According to the indictment, the tribe received federal funds at the time of some of the alleged crimes.
Johnson said Kovall was involved in a number of Rose Institute projects over the years due to his expertise in tribal and environmental issues, and had worked as an environmental lawyer for Arco.
Heslop was the director of the Rose Institute for 30 years, Johnson said.More to come on this situation.
UPDATE -- 4-29-14
I have more investigating to do but have learned that National Demographics Corporation was apparently OWNED by Heslop and Florence Adams when NDC first was granted the contract to draw Arizona's maps in 2001. NDC remained under contract to the AIRC until 2009. At some point, I do not yet know the date, Doug Johnson bought out both Heslop and Adams.
Therefore, it is clear that NDC was contractually connected with the Arizona Independent Redistricting Commission at the time of the events detailed in the document referenced above that served as the basis for Heslop's agreement to plead guilty to one count of conspiracy to commit bribery.

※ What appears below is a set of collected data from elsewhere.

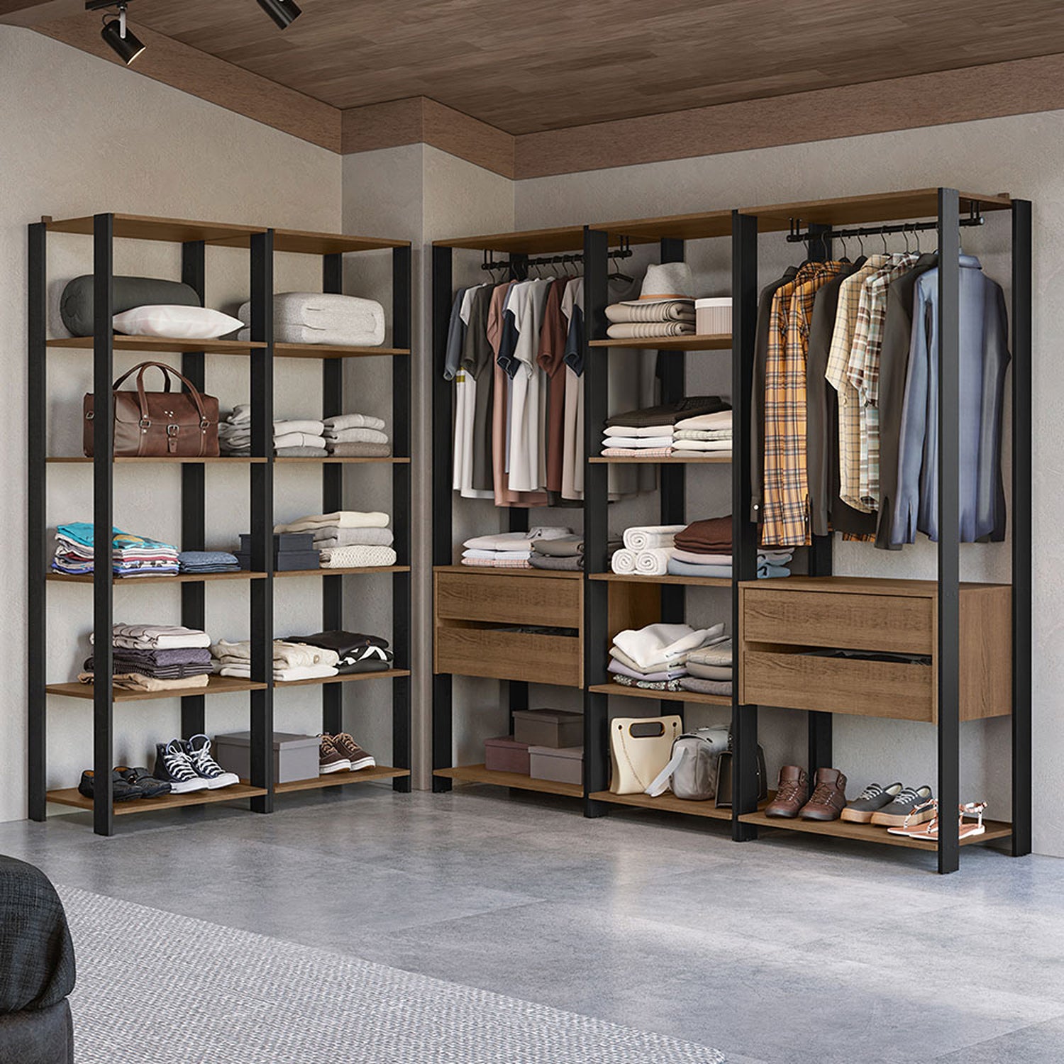 🚚 Envío GRATIS - Ver Cobertura aquíCloset Abierto Valencia Marron y Negro 417x180cm con Diez Entrepaños está agotado y se enviará tan pronto como vuelva a estar disponible.
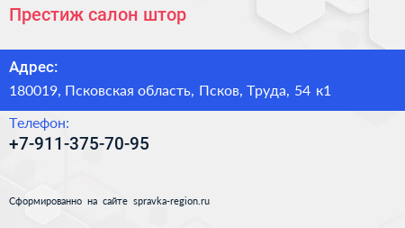 Престиж, салон штор по адресу 180019, Псковская область, Псков, Труда, 54 к1 в дальнейшем Организация, размещена в следующих категориях:
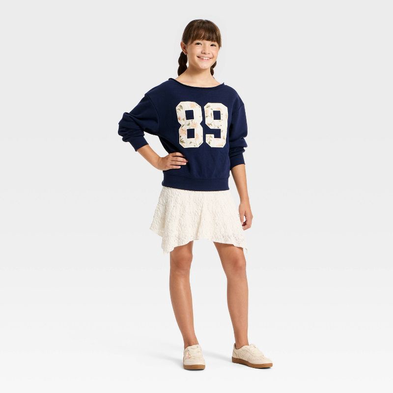 Girls' "89" Off the Shoulder Graphic Sweatshirt - art class™ Blue L
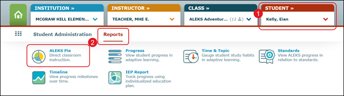 1. Select the student from the Student drop-down.2. Hover over Reports and click on ALEKS Pie from the drop menu.

What is not clear yet is whether Heslop was still an owner of NDC at the time he committed the conspiracy to commit bribery concerning the Twenty-nine Palms casino project.
UPDATE -- 4-30-14
I spoke with Doug Johnson this afternoon. He was understandably reluctant to answer my questions initially. However, he did indicate that some time in 2006 he did, in fact, purchase NDC from Heslop and Adams. He would not disclose the terms of the transfer or the specific date (or even the month). He did say, however, that the transfer was completed BEFORE any of the events about which Heslop was accused and agreed to plead guilty for conspiracy to commit bribery.

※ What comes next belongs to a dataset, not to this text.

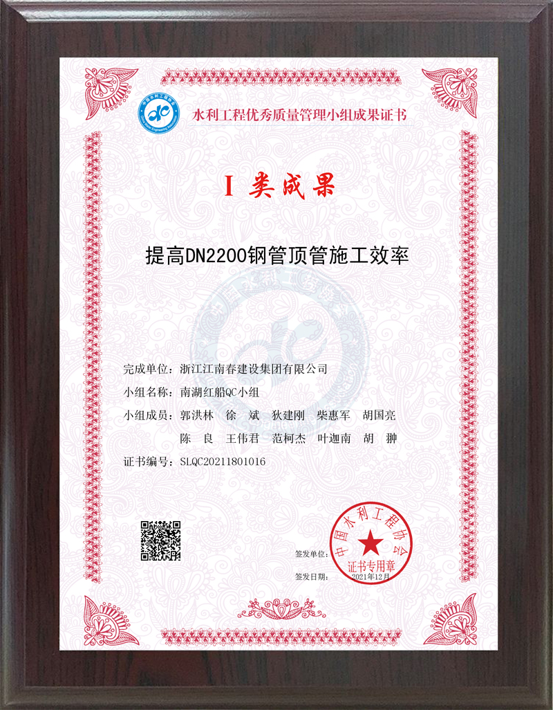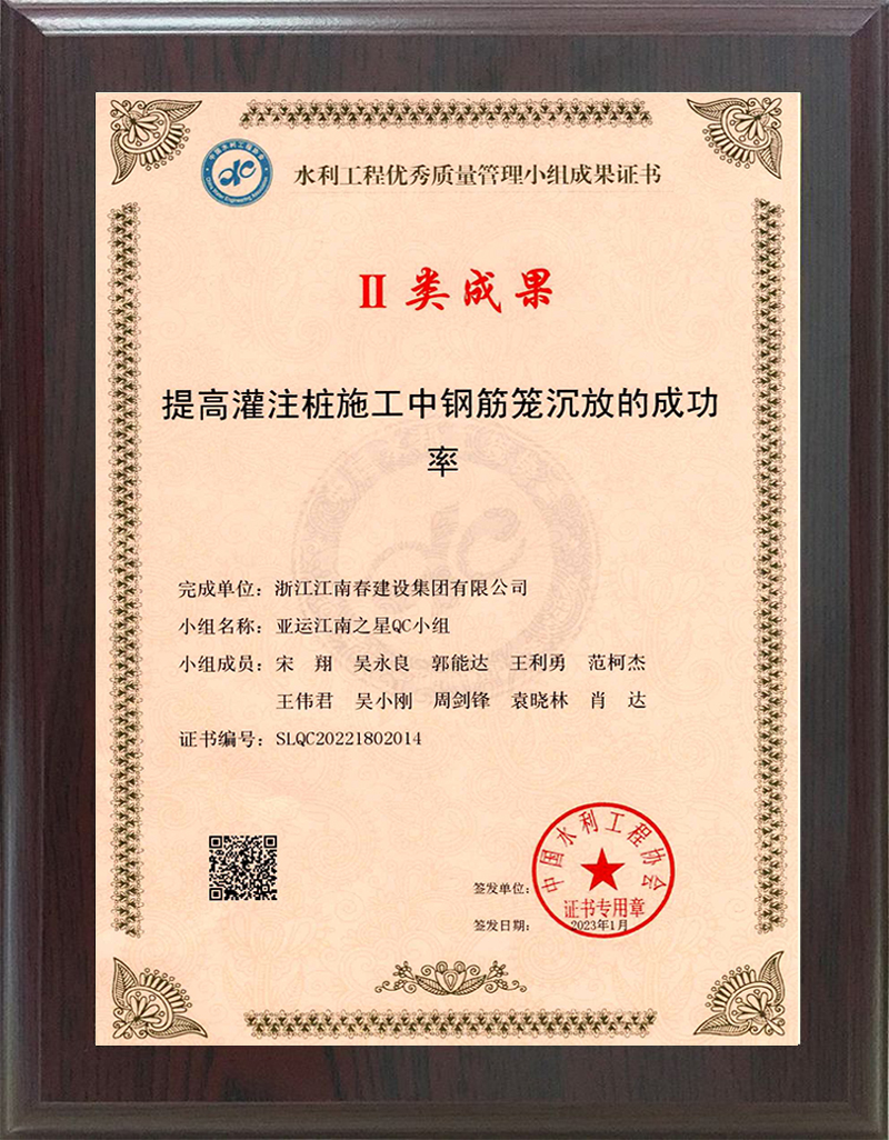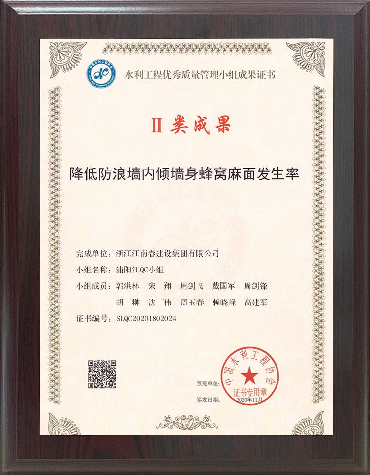 水利工程優(yōu)秀質(zhì)量管理小組成果證書 II類成果(降低防浪墻內(nèi)傾墻身蜂窩麻面發(fā)生率)

Johnson also indicated that Heslop's role at NDC during any time prior to that transfer, going back to when NDC was first awarded the contract with the AIRC at the beginning of the first AIRC cycle, was limited to "retired partner."
Johnson took exception to my post which indicated the 2011 AIRC decision to not contract with NDC was vindicated by Heslop's conviction or the findings of the US Attorney in the factual basis for the plea agreement.
It is my opinion still that the association of NDC with Heslop tainted the situation, though the specific degree to which cannot be measured.
That situation does not change the fact that Johnson's/NDC's proposal to conduct the 2011 mapping for the AIRC Congressional and legislative districts was deficient in concrete tangible ways including numerous errors that reflected a hurried and careless preparation AND that his proposal did NOT include any financial information. In other words, Johnson did not say how much he planned to charge the AIRC for NDC's services in the event they selected him to conduct this cycle's mapping. Omission of proposed cost for services is, most definitely, a material deficiency in the proposal.
SECOND 4-30-14 UPDATE
I spoke again with Doug Johnson (twice) who told me that whoever told me that NDC's proposal did not include pricing information was lying to me.
I then reviewed the proposal documents, which are posted on the AIRC website. There are two separate "attachment 3" documents for Johnson's proposal. One has a listing of deliverables and pricing schedule, the other does not. Neither has a date stamp for when they were received by SPO or the AIRC. The two do each have dates noted on the bottom left side of each page with a date in July 2011. The selection process had been completed (at the end of June 2011) by the time these printouts were made and posted.
Johnson insisted that the problem with the attachment 3 with no deliverables or pricing was a printing error on the part of the State Procurement Office and said that the two documents were printed out within hours and maybe even within minutes of each other.
My concern with his version is that if it was true that it was only a printing error on the part of SPO, how would he be able to claim that reprinting within minutes had fixed the problem? And if it was only a printing error, then why would the blank version have been posted to the AIRC website?
My post dated May 1, 2014 updates this post.